=== Begin Enclosure ===

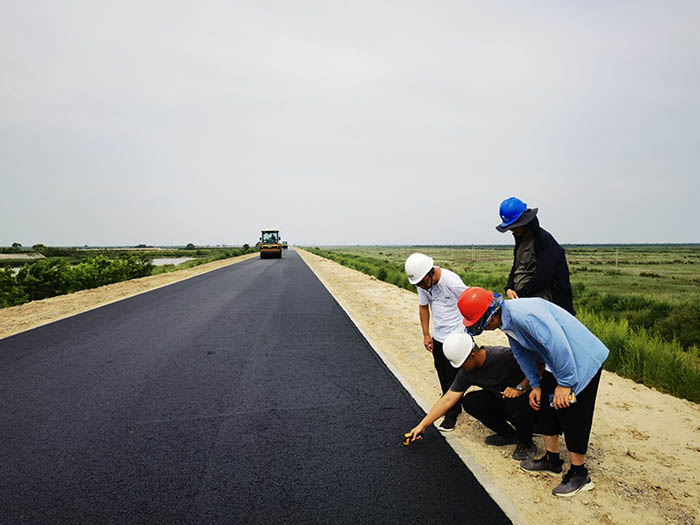 黄河下游“十四五”防洪工程北大堤堤顶道路面层施工 王鑫 摄
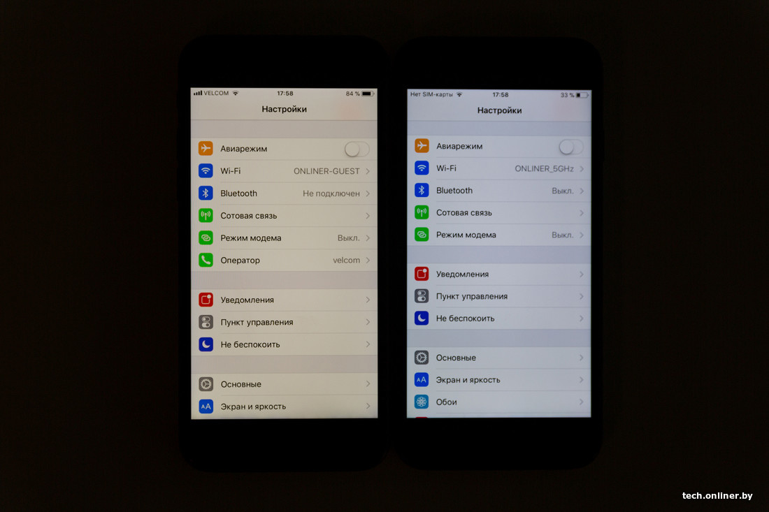 Например, в комнате с «теплым» светом дисплей заметно желтит, но не так сильно, как при включении режима Night Shift. При деактивации режима белый цвет становится более холодным, как в iPhone 7.
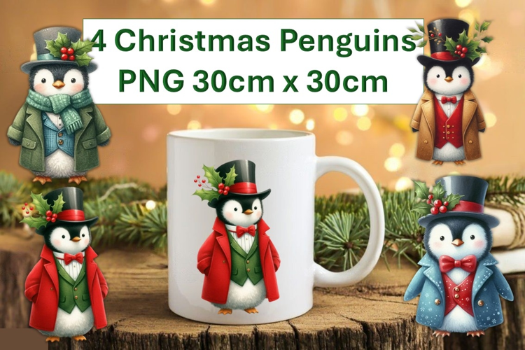 4 Cute Christmas Penguins Sublimations 30cm x 30cm PNG example image 1
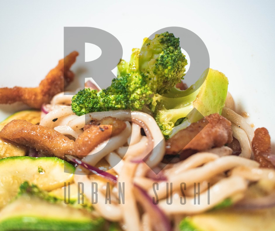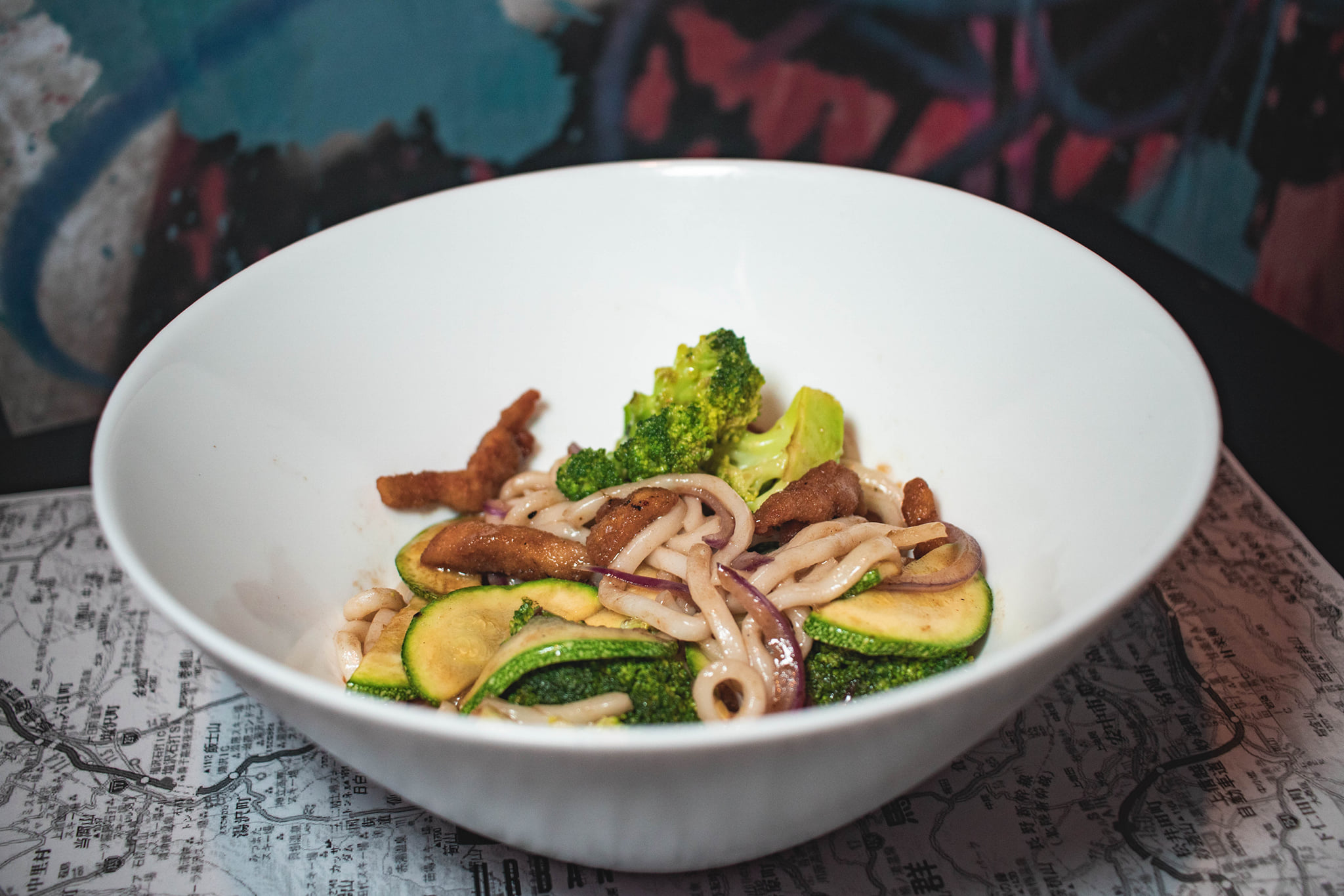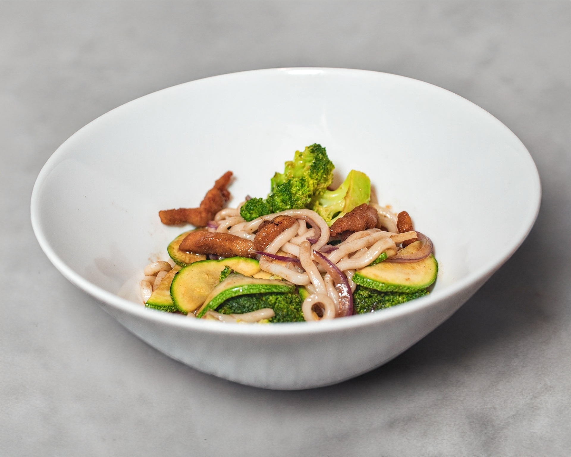 Bowl agridulce, brócoli, pimientos, cebolla, calabaza, pasta udon y pollo crujiente.
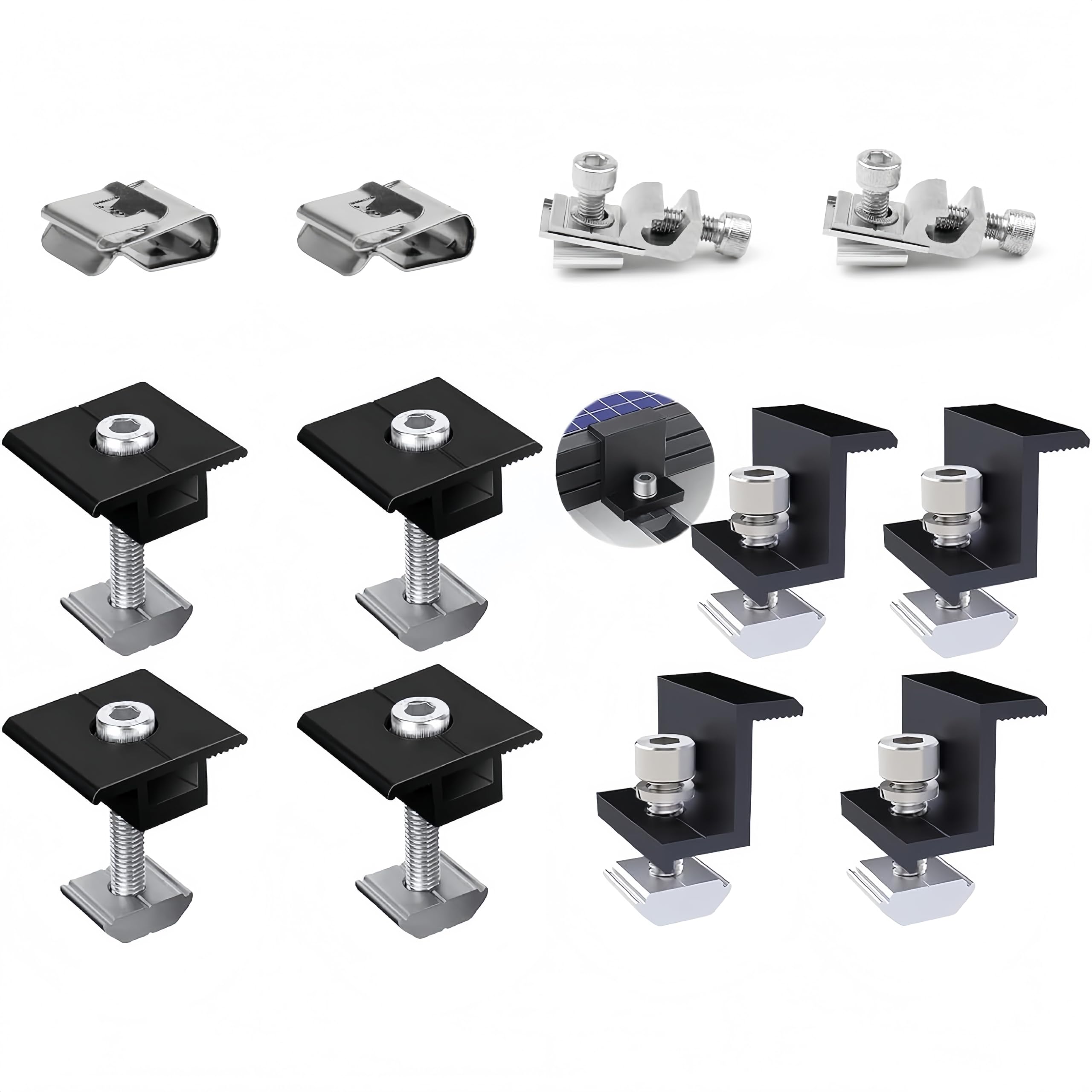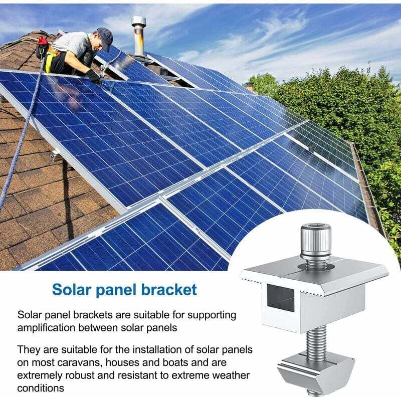 Polyvalent : le support de panneau solaire est adapté à diverses installations photovoltaïques en plein air. Pinces Centrale Extrémité Terre Lot De 4 Supports De Panneau Solaire - Bornes D'extrémité De 30 Mm Pinces Centrales Et D'extrémité Solaire (Remarque : les rails ne sont pas inclus) Kit complet : 4 bornes centrales de panneau solaire de 30 mm et 4 bornes d'extrémité avec accessoires complets pour le montage, y compris 2 bornes de terre M8 et 2 serre-câbles. Les bornes d'extrémité sont universelles et compatibles avec différents systèmes de panneaux solaires encadrés. Matériau de qualité supérieure, durable et durable : le kit de support de panneau solaire de 30 mm est fabriqué en alliage d'aluminium, qui présente les avantages de résistance à la corrosion et de durabilité, et est résistant à la rouille et aux intempéries, pas facile à casser, à déformer ou à plier. Lot de 10 supports de fixation pour panneau solaire En connectant le panneau solaire et en le fixant sur la piste, assurez-vous que les panneaux sont installés dans la bonne position et orientation. Caractéristiques techniques : Nom : support de panneau solaire bornes d'extrémité 30 mm noir , Matériau : aluminium. Fixation sûre : ce support de panneau solaire est conçu pour fixer les panneaux solaires en toute sécurité sur les rails et créer une connexion stable entre les panneaux. Jeu de pinces solaires de 30 mm : les kits de bornes d'extrémité et centrale noires sont utilisées pour fixer les modules au système de rail et créer une connexion solide entre les modules de 30 mm d'épaisseur. La connexion entre les panneaux solaires peut être facilement réalisée. Kit de panneau solaire - GOTOTOP - 30W - Silicium Monocristallin... Lot de 12 pinces de fixation pour panneau solaire - 35 - Réglable... Les supports de panneau solaire sont équipés de vis et d'écrous, une installation rapide peut être fixée à la surface d'installation. Design stable en Z : le design en forme de Z spécialement conçu permet une dissipation efficace de la chaleur et assure un environnement d'installation propre et bien organisé. 2 pinces de mise à la terre M8., 2 serre-câbles. Caractéristiques du produit : Matériau de haute qualité : le support de panneau solaire est fabriqué en alliage d'aluminium à haute résistance avec une surface anodisée, ce qui assure une excellente résistance à la corrosion et une longue durée de vie.

=== End Enclosure ===

▶ [What is required]: For this answer, retype the lines from the start of the listing through the line that holds "Bowl agridulce, brócoli, pimientos, cebolla, calabaza, pasta", inclusive, exactly and without pictures.

▶ [Solution for this task]:
 黄河下游“十四五”防洪工程北大堤堤顶道路面层施工 王鑫 摄
 Например, в комнате с «теплым» светом дисплей заметно желтит, но не так сильно, как при включении режима Night Shift. При деактивации режима белый цвет становится более холодным, как в iPhone 7.
 4 Cute Christmas Penguins Sublimations 30cm x 30cm PNG example image 1
 Bowl agridulce, brócoli, pimientos, cebolla, calabaza, pasta udon y pollo crujiente.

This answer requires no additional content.